● Exercise aim: Images excepted, the data below must be repeated exactly.
━━━━━ Provided material ━━━━━
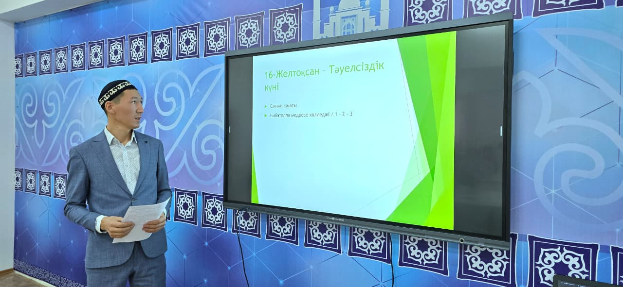 "Һибатулла Тарази" медресе-колледжінде 16 желтоқсан – Қазақстан Республикасының Тәуелсіздік күніне орай шәкірттермен ашық сабақ өткізілді. Шараға оқу орнының 1, 2, 3 курс студенттері қатысып, ел тарихындағы маңызды кезеңдер жөнінде мазмұнды дәріс тыңдады.
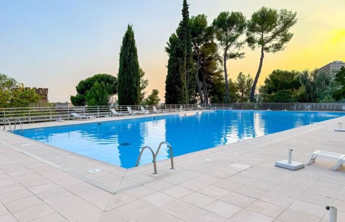 Dans une copropriété de très bon standing, sécurisée avec PISCINE, POOL HOUSE, TERRAIN DE TENNIS et ESPACES VERTS, 2P de 53,14 m² au 1er étage comprenant un grand séjour lumineux avec placard et cuisine américaine aménagée et équipée, une chambre avec placard et une salle de douche avec WC. Calme absolu. Exposition Sud/Ouest, vue verdure dégagée, sans vis à vis. Climatisation. Une cave et un parking collectif viennent compléter ce bien. Exclusivité !
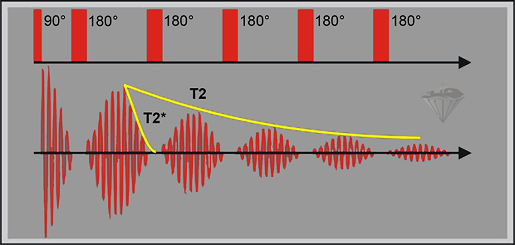 El decaimiento de señal después del pulso de 90° y en ambos lados del centro del eco del espín se rige más por T2* que por T2. Por lo tanto la señal decae rápidamente lejos del centro del eco.
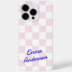 Couverture téléphonique avec votre nom en bleu une police de style rétro sur un motif en damier rose pâle et blanc.
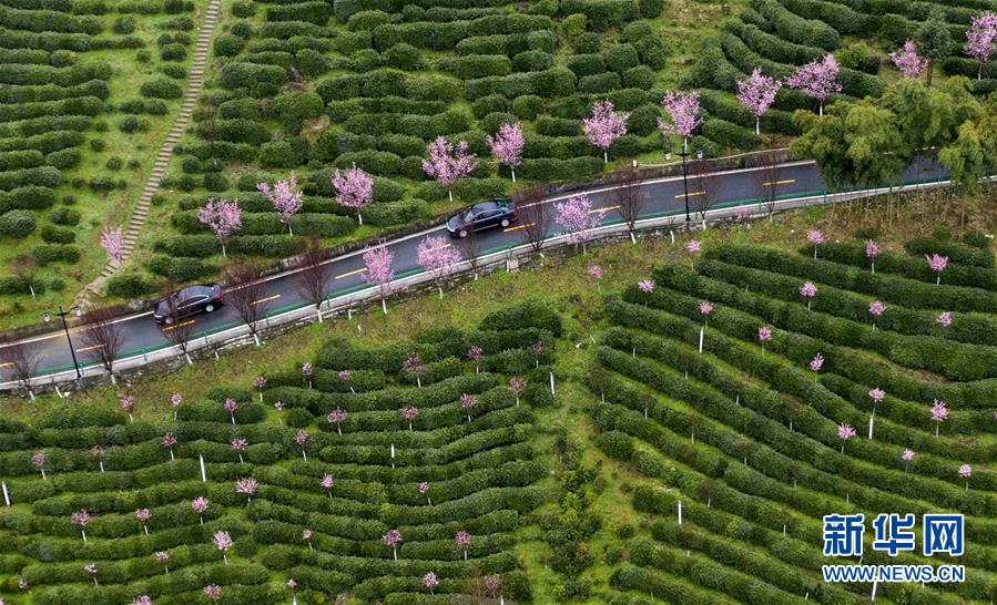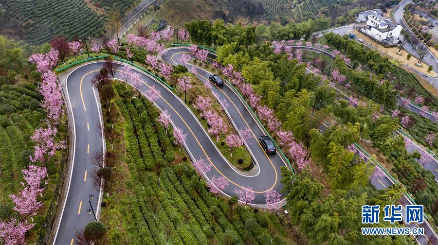 这是3月2日拍摄的平利县长安镇洪福茶山,道路两旁的春梅盛开(无人机照片)。新华社记者陶明摄
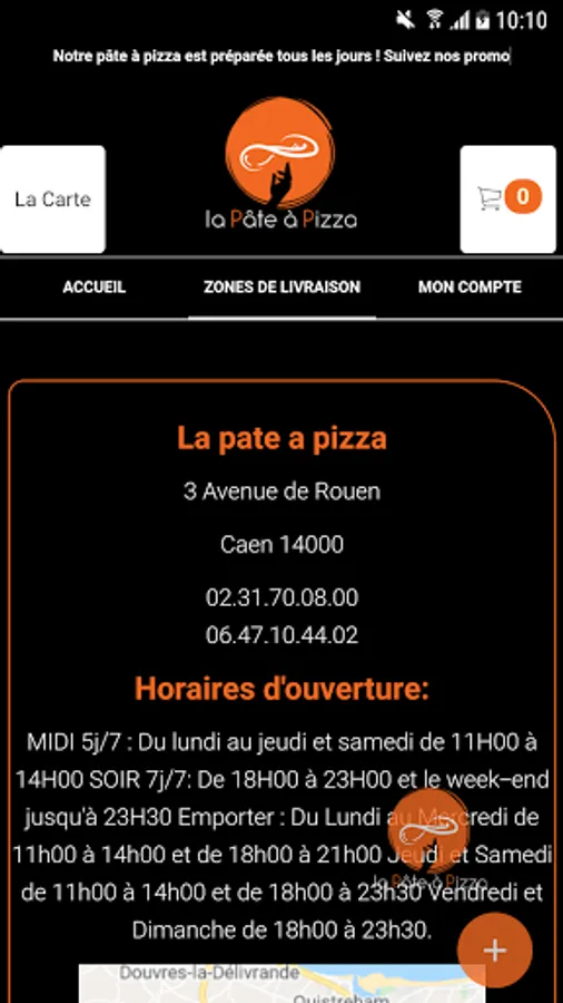 The Android app La pate a pizza allows you to order online or by phone through your app. You can consult our menu and choose your products.
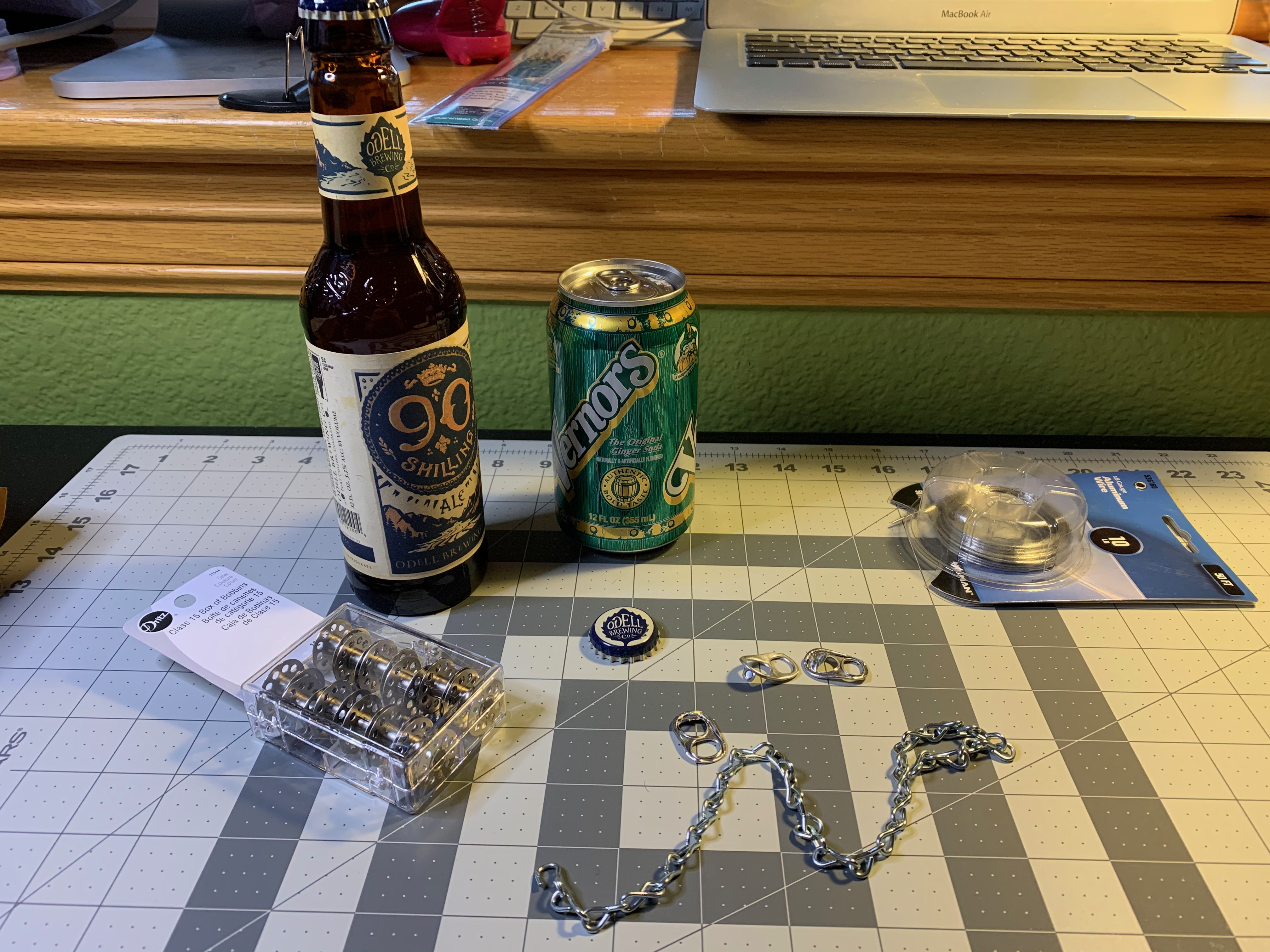 The soda tabs are a really interesting shape, and there has to be something I can do with them. Maybe some hooks or tools that the orcs could be using.
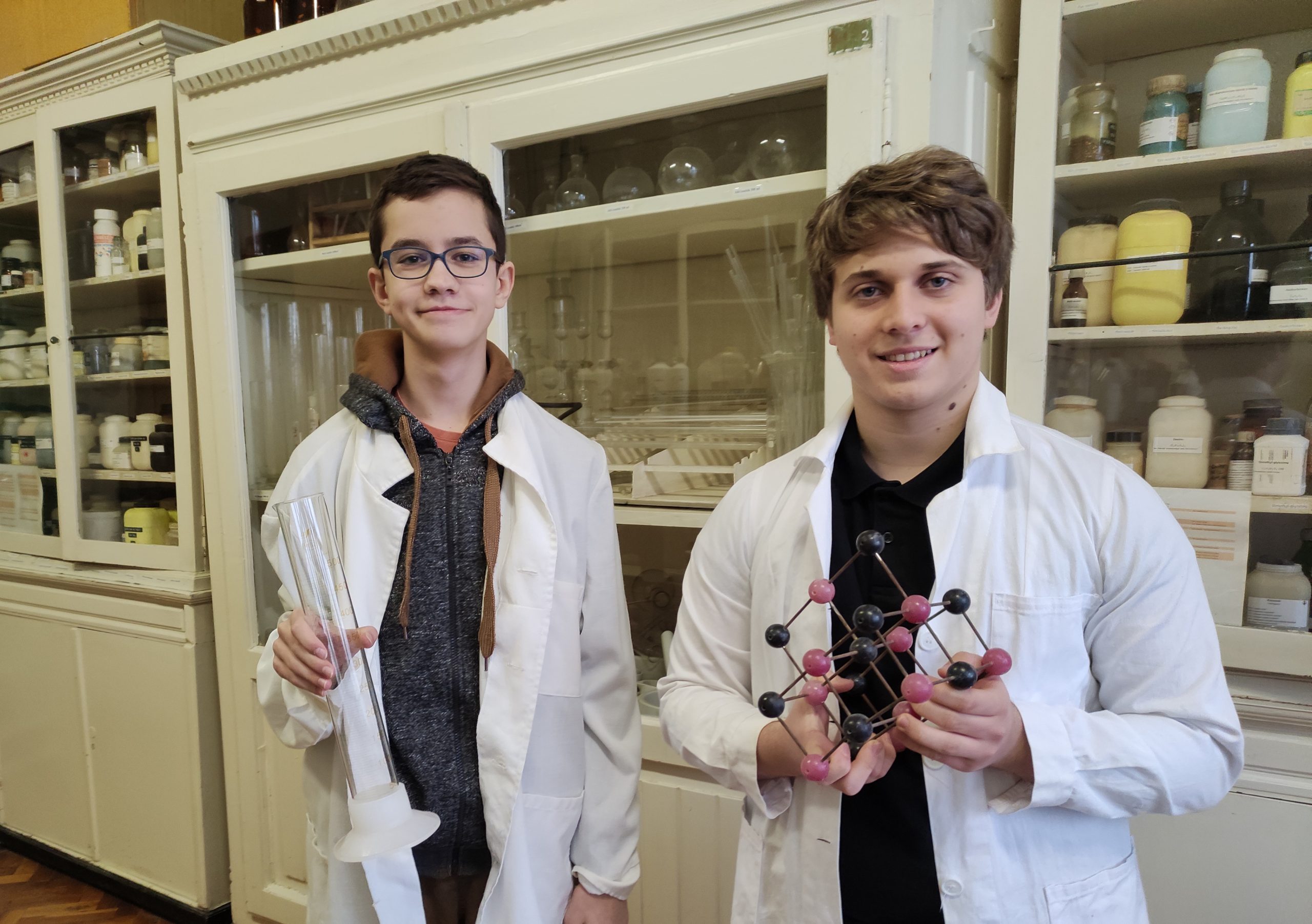 A két 8. osztályos gimnazista az előválogatóból öt kémiai kísérlet reprodukciójával és saját készítésű videójával jutott tovább a szakmai zsűri döntése alapján.
━━━━━
● Answer area:
 "Һибатулла Тарази" медресе-колледжінде 16 желтоқсан – Қазақстан Республикасының Тәуелсіздік күніне орай шәкірттермен ашық сабақ өткізілді. Шараға оқу орнының 1, 2, 3 курс студенттері қатысып, ел тарихындағы маңызды кезеңдер жөнінде мазмұнды дәріс тыңдады.
 Dans une copropriété de très bon standing, sécurisée avec PISCINE, POOL HOUSE, TERRAIN DE TENNIS et ESPACES VERTS, 2P de 53,14 m² au 1er étage comprenant un grand séjour lumineux avec placard et cuisine américaine aménagée et équipée, une chambre avec placard et une salle de douche avec WC. Calme absolu. Exposition Sud/Ouest, vue verdure dégagée, sans vis à vis. Climatisation. Une cave et un parking collectif viennent compléter ce bien. Exclusivité !
 El decaimiento de señal después del pulso de 90° y en ambos lados del centro del eco del espín se rige más por T2* que por T2. Por lo tanto la señal decae rápidamente lejos del centro del eco.
 Couverture téléphonique avec votre nom en bleu une police de style rétro sur un motif en damier rose pâle et blanc.
 这是3月2日拍摄的平利县长安镇洪福茶山,道路两旁的春梅盛开(无人机照片)。新华社记者陶明摄
 The Android app La pate a pizza allows you to order online or by phone through your app. You can consult our menu and choose your products.
 The soda tabs are a really interesting shape, and there has to be something I can do with them. Maybe some hooks or tools that the orcs could be using.
 A két 8. osztályos gimnazista az előválogatóból öt kémiai kísérlet reprodukciójával és saját készítésű videójával jutott tovább a szakmai zsűri döntése alapján.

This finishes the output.